De acordo com a ACP, os oficiais vêm praticando uma série de ilegalidades com o fim de obstruir a investigação sobre práticas reiteradas de tortura contra recrutas do Exército Brasileiro (EB), durante a realização de treinamentos no 41º Batalhão de Infantaria Motorizada em Jataí. Desde abril deste ano, o MPF investiga o caso em que 11 recrutas, entre 18 e 19 anos, deram entrada no Hospital das Clínicas de Jataí após passarem pelos treinamentos físicos. Na ocasião, familiares dos jovens relataram em depoimento ao MPF que os rapazes foram submetidos a excesso de exercícios e a agressões por parte dos instrutores. Relataram, ainda, demora do batalhão em avisá-los sobre a entrada dos recrutas no hospital.

Desde então, o EB instaurou sindicância interna para apurar os fatos. No entanto, o que era para ser um procedimento de investigação tornou-se uma rede de intimidação e coação voltada não para a elucidação de fatos, mas para o constrangimento das pessoas que procuraram o MPF ou a imprensa para relatar os maus tratos ou a prática de tortura contra os recrutas. 

Para o procurador da República Jorge Medeiros, as intimidações e constrangimentos vão desde o desvio de finalidade da sindicância, que tem sido usada para inibir testemunhas em vez de colher informações dos fatos, até a coleta ilegal de dados e fotos de funcionários do Hospital das Clínicas de Jataí. “Não resta outro objetivo senão o de obstruir as investigações pelo medo imposto às testemunhas”, esclarece Medeiros.

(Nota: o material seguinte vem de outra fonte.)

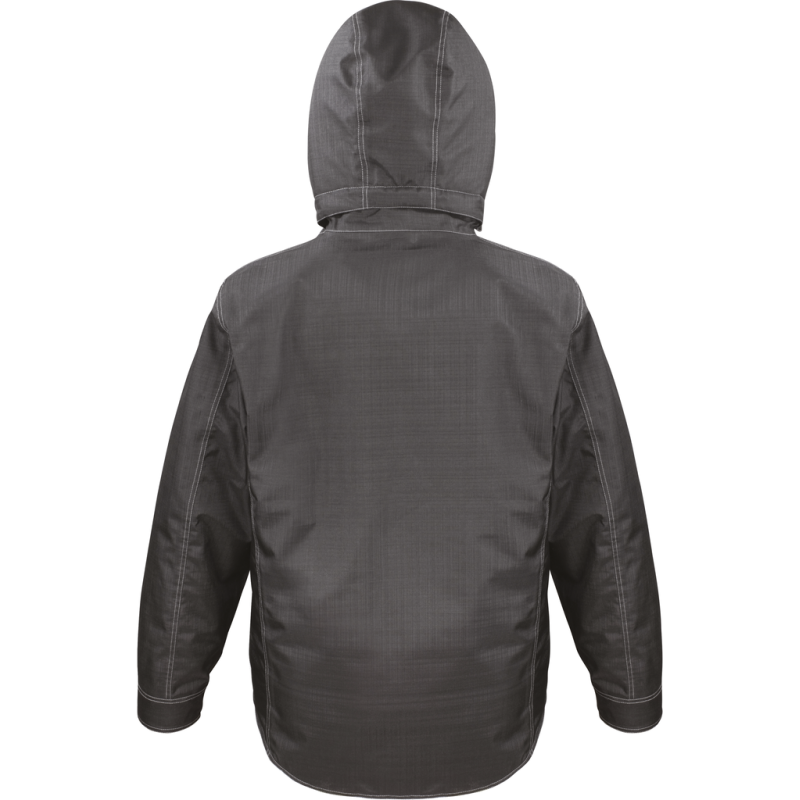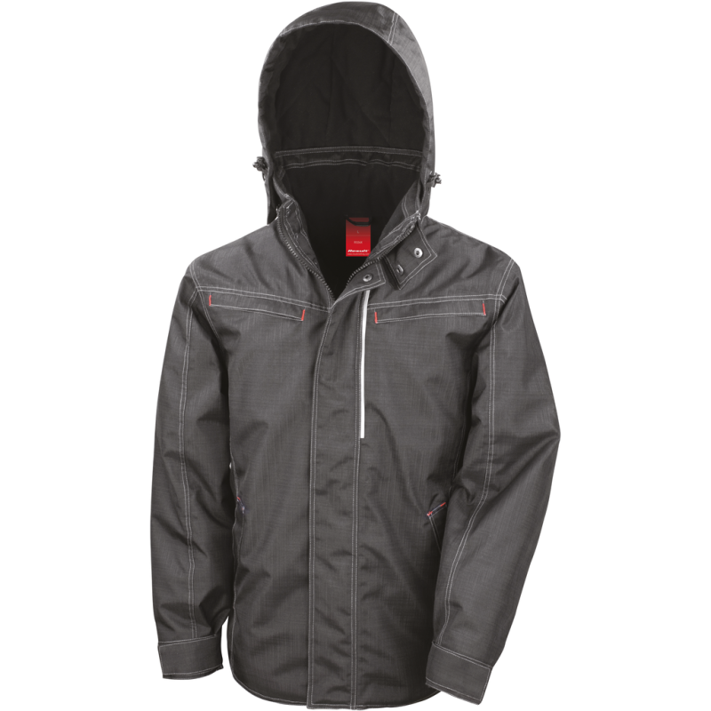 Outside parka: 100% 170 gsm textured polyester, partial fleece 100% polyester lining with 230 gsm padding. Windbreaker jacket. 3000 mm waterproof with taped seams. 2000 gsm breathable. Quilted Polartherm fleece lined. Heavy duty 2-way zip with interchangeable colour zip pulls. 4 outer zip pockets. 2 inner zipped pockets. D-ring to left chest pocket. Stand-up collar and removable hood. Longer back hem, adjustable hem. Adjustable cuffs with tear release fastening. Storm flap with press studs. Reinforced contrast stitching and retro-reflective details. Hang tag to back neck. Rugged look. Hardwearing.

As provas que instruem a ACP, obtidas até agora pelo MPF, são robustas e contundentes, com destaque para o áudio gravado por familiar de um dos recrutas durante a sindicância feita no 41º Batalhão de Infantaria Motorizada em Jataí, no qual o capitão não pergunta sobre a agressão sofrida pelo jovem durante o treinamento, mas insiste em saber quem procurou a imprensa e o MPF após a entrada do recruta no hospital. Em uma de suas falas, o capitão diz que é típico do instinto do homem “descer a porrada”, como se a prática fosse comum naquele meio. O MPF chegou a recomendar o afastamento do recruta, o que não foi acolhido pelo EB. O que se verificou, na verdade, foi o aprofundamento das medidas intimidatórias contra o jovem. Além do áudio, instrui a ACP o testemunho de intimidação feita por um capitão contra médicos militares para que fornecessem, por meios não oficiais, os contatos dos profissionais da equipe de saúde do hospital que atendeu os recrutas. O intuito, segundo a ACP, seria coagir esses profissionais por terem procurado a imprensa e o MPF.

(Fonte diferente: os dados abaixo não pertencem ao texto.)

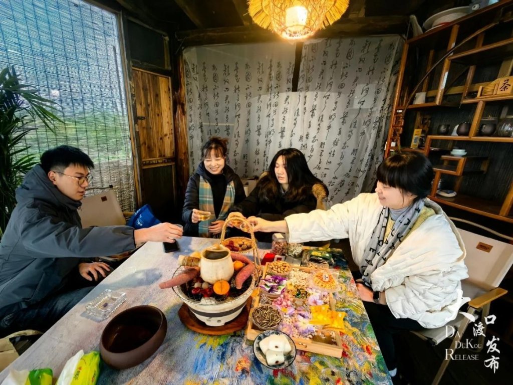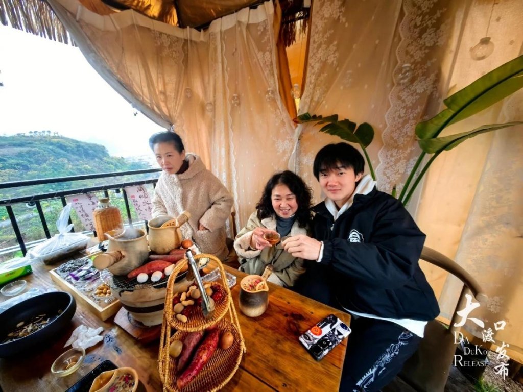 不远处的半山茶咖店内暖意融融,暖炉里炭火噼啪作响,烤红薯与桂圆的香甜气息漫溢全屋,人们捧一杯热茶,凭窗而坐,将金鳌山的烟雨朦胧与山水景致尽收眼底。“我是第一次来,专门从合川区过来耍,这里村美店靓,雨天躲进这半山小院喝茶赏景,太惬意了。”游客苏女士抿着热茶,眉眼间满是舒心。

Além do afastamento do capitão e da determinação à União da adoção de medidas administrativas preventivas contra outros três oficiais, o MPF requer, ainda, a suspensão do andamento da sindicância, até a análise da decretação de sua nulidade, e a condenação da União ao pagamento de danos morais coletivos no valor de R$ 5 milhões em favor do Fundo de Direitos Difusos (FNDD).

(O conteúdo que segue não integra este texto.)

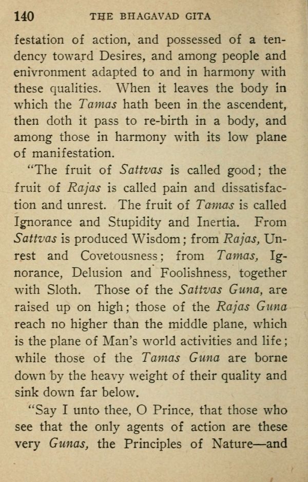 ''The fruit of Sattvas is called good; the fruit of Rajas is called pain and dissatisfaction and unrest. The fruit of Tamas is called Ignorance and Stupidity and Inertia. From Sattvas is produced Wisdom; from Rajas, Unrest and Covetousness; from Tamas, Ignorance, Delusion and Foolishness, together with Sloth. Those of the Sattvas Guna, are raised up on high; those of the Rajas Guna reach no higher than the middle plane, which is the plane of Man's world activities and life; while those of the Tamas Guna are borne down by the heavy weight of their quality and sink down far below.

Para mais informações, leia a íntegra da ACP (Autos 1000721-55.2019.4.01.3507 – Vara Cível e Criminal da SSJ de Jataí).

MPF/montedo.com

Nota do editor

Não deixe de ler a íntegra da Ação Civil Pública.

Respostas de 10

  1. Bastava os militares envolvidos se calarem e responderem apenas a sindicância e não confrontar os familiares. Vacilaram !!!

    Na verdade militar rala mesmo, sempre foi assim em qualquer época, pois um quartel não é uma escola de ballet.

    Eh nuteladas !!! Geração coca cola, do celular, da inutilidade. Fracos.

    1. Pior que o conserto ficou pior que o problema. A gravidade até não é a denúncia das supostas arbitrariedades, mas sim as atitudes dos investigadores militares. Portanto, não tem fundamento os que aqui argumentaram sobre fragilidade e sensibilidade dos atuais recrutas. Sensíveis ou não, foi-se o tempo em que acreditava-se que dá porta p dentro das unidades, podia-se tudo, pois não dava nada.
      E, porfim, graças a Deus que temos o MPF para intervir. Aos isentos e justos, apenas a estes, eu sei que entenderão o que estou falando.

  2. Militar tem uma vaidade gigante em querer jogar pra bunda dos outros, em vez de se preocupar com o salário na conta no fim do mês, esses aí vão é ficar preocupados com a trozoba que o MP vai soltar neles, já dizia dois mandamentos do EB : “Não piruaras, quem pirua quer piru”.